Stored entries
+++
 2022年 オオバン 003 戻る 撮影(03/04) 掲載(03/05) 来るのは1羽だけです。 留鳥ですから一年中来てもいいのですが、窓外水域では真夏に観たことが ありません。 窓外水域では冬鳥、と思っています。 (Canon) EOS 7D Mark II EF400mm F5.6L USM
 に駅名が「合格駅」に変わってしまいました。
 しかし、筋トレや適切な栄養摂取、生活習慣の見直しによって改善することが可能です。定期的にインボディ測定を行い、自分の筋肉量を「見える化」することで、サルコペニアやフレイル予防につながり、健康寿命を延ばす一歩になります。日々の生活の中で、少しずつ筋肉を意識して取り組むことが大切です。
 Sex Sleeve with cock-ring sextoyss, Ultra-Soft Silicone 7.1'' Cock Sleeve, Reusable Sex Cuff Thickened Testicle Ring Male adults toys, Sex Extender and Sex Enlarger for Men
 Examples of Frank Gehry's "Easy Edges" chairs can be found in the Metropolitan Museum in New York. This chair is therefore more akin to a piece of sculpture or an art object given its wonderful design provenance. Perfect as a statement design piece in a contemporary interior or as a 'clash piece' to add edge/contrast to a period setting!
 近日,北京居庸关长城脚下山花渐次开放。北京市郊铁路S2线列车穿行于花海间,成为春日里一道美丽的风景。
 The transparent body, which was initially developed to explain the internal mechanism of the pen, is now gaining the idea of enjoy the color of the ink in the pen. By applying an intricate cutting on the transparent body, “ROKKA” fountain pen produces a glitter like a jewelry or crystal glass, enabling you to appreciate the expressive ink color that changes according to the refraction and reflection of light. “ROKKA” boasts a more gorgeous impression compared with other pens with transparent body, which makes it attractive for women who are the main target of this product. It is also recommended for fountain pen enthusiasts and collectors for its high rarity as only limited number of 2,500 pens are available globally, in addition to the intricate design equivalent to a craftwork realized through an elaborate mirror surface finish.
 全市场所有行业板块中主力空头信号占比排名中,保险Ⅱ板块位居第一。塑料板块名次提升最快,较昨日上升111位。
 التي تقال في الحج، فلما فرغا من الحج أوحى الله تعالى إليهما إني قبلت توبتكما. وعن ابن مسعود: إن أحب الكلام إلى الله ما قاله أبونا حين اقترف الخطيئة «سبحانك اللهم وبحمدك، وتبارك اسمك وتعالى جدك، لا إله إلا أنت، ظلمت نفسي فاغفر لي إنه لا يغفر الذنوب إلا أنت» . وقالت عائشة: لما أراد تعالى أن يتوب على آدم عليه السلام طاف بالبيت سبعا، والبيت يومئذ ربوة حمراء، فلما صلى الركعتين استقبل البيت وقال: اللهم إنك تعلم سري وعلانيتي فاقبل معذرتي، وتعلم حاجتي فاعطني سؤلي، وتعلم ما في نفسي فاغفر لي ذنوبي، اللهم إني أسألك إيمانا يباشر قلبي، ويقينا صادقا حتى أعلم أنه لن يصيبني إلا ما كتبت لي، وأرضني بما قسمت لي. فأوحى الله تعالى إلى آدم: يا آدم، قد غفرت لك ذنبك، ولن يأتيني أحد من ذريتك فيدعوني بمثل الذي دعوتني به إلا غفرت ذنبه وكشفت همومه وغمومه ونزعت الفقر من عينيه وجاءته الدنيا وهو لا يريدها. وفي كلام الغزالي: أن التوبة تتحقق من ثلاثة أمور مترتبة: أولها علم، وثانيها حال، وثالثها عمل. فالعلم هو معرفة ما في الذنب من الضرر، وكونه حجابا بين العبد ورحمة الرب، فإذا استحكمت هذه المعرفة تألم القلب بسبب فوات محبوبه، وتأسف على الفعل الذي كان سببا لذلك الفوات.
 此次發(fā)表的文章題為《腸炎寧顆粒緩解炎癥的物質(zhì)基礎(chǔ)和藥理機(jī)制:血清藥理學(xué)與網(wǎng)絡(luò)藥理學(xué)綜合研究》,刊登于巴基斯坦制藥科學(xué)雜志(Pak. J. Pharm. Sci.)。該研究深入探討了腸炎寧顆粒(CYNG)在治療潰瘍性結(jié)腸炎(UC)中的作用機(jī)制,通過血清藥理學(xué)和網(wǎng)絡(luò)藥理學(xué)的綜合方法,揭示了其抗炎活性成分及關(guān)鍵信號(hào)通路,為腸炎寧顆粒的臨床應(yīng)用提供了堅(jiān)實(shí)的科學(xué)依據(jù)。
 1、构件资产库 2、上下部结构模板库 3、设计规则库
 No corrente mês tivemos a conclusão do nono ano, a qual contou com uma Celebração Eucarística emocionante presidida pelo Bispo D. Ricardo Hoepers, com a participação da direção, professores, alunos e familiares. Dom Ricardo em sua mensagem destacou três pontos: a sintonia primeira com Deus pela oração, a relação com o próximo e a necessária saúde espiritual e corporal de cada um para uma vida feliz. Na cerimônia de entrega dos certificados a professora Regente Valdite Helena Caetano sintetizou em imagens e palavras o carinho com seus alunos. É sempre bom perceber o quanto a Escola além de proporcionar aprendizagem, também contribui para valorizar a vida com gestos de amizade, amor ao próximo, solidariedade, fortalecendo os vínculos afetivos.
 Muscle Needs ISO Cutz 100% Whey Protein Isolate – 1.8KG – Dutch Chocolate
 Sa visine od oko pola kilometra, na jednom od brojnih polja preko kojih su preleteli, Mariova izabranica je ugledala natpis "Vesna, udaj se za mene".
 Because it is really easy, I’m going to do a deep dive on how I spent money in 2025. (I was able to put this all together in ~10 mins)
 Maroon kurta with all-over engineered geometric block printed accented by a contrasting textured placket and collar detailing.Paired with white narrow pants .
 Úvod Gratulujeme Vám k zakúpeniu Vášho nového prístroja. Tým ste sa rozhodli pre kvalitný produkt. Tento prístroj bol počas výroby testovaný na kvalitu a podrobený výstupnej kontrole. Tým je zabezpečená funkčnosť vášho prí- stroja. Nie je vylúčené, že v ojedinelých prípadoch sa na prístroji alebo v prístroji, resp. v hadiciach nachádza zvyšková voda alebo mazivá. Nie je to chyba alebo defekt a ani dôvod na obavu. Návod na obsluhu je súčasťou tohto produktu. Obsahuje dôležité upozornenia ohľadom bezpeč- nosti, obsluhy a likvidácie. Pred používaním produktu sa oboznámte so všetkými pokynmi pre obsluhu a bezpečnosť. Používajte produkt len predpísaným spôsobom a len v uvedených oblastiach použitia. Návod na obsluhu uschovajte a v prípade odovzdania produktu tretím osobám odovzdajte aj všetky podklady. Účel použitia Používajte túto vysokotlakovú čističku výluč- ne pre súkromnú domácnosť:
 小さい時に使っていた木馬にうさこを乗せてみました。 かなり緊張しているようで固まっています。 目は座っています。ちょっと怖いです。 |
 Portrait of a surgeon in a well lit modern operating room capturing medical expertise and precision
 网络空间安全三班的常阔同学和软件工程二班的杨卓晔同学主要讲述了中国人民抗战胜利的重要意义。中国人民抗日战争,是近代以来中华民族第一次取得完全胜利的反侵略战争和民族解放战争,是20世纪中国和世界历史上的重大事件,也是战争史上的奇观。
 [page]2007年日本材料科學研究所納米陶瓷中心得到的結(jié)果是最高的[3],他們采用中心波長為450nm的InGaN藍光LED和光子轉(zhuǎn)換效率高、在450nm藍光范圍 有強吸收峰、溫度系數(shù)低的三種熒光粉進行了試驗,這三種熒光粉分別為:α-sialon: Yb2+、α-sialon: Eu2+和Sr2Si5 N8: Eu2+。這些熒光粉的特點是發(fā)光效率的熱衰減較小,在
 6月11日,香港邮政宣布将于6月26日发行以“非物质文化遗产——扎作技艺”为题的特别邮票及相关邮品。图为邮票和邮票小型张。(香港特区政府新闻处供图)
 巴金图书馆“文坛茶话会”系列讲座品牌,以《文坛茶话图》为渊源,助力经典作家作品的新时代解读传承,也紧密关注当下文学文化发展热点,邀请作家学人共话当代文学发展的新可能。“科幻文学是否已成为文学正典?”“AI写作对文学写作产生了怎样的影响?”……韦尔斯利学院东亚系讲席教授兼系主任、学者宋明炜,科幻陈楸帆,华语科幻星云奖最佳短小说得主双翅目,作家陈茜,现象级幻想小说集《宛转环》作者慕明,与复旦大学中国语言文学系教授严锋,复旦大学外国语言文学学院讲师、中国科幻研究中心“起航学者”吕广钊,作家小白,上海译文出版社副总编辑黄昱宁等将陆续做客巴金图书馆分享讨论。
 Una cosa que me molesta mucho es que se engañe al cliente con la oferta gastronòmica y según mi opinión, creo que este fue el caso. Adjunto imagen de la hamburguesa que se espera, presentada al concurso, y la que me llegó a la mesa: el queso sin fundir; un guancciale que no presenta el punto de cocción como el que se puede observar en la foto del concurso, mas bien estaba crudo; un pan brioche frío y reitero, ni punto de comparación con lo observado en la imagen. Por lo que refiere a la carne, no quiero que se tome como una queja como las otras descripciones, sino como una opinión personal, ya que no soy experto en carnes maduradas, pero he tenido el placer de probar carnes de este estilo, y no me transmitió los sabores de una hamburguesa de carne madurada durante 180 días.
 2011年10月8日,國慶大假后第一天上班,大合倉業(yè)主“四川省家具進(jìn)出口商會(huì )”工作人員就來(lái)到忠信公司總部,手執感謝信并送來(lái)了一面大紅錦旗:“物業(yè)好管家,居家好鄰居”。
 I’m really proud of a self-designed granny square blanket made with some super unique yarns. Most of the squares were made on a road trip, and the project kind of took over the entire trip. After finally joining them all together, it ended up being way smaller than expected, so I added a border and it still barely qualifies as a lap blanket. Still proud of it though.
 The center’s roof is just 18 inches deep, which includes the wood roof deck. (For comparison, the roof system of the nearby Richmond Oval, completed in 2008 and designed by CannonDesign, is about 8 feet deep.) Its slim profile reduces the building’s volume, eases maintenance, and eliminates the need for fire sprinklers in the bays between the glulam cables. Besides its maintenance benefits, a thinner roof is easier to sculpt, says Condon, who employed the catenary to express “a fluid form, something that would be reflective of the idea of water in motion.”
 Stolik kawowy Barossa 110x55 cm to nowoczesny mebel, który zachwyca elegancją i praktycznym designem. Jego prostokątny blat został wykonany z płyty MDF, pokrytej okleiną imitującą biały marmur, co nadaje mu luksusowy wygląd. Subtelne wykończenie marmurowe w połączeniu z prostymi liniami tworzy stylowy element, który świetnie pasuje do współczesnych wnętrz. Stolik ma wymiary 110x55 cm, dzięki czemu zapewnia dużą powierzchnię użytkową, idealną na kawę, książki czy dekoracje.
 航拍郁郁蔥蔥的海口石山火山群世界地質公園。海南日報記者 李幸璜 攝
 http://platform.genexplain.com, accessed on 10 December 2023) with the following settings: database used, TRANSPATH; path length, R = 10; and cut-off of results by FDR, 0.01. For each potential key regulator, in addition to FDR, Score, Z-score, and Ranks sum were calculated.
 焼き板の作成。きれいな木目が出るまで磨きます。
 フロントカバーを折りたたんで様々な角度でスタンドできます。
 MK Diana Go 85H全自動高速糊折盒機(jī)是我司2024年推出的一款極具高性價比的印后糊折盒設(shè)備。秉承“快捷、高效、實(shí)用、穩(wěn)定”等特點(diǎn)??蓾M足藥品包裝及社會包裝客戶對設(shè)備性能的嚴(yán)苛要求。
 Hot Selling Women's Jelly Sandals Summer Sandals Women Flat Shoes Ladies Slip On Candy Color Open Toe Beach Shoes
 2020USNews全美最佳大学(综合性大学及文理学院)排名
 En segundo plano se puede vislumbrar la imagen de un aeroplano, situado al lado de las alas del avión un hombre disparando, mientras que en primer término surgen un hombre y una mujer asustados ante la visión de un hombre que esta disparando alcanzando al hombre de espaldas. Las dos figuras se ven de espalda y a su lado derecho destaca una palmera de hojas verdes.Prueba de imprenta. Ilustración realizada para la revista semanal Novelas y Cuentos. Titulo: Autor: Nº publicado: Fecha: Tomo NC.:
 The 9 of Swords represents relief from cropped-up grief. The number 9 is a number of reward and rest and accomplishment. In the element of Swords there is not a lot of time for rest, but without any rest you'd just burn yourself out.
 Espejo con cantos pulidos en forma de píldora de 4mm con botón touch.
+++
**Problem statement:** Above are some records; copy exactly the lines from the one with "http://platform.genexplain.com, accessed on" through the one with "2020USNews全美最佳大学(综合性大学及文理学院)排名", both included, and no others.

**Solution for this problem:**
 http://platform.genexplain.com, accessed on 10 December 2023) with the following settings: database used, TRANSPATH; path length, R = 10; and cut-off of results by FDR, 0.01. For each potential key regulator, in addition to FDR, Score, Z-score, and Ranks sum were calculated.
 焼き板の作成。きれいな木目が出るまで磨きます。
 フロントカバーを折りたたんで様々な角度でスタンドできます。
 MK Diana Go 85H全自動高速糊折盒機(jī)是我司2024年推出的一款極具高性價比的印后糊折盒設(shè)備。秉承“快捷、高效、實(shí)用、穩(wěn)定”等特點(diǎn)??蓾M足藥品包裝及社會包裝客戶對設(shè)備性能的嚴(yán)苛要求。
 Hot Selling Women's Jelly Sandals Summer Sandals Women Flat Shoes Ladies Slip On Candy Color Open Toe Beach Shoes
 2020USNews全美最佳大学(综合性大学及文理学院)排名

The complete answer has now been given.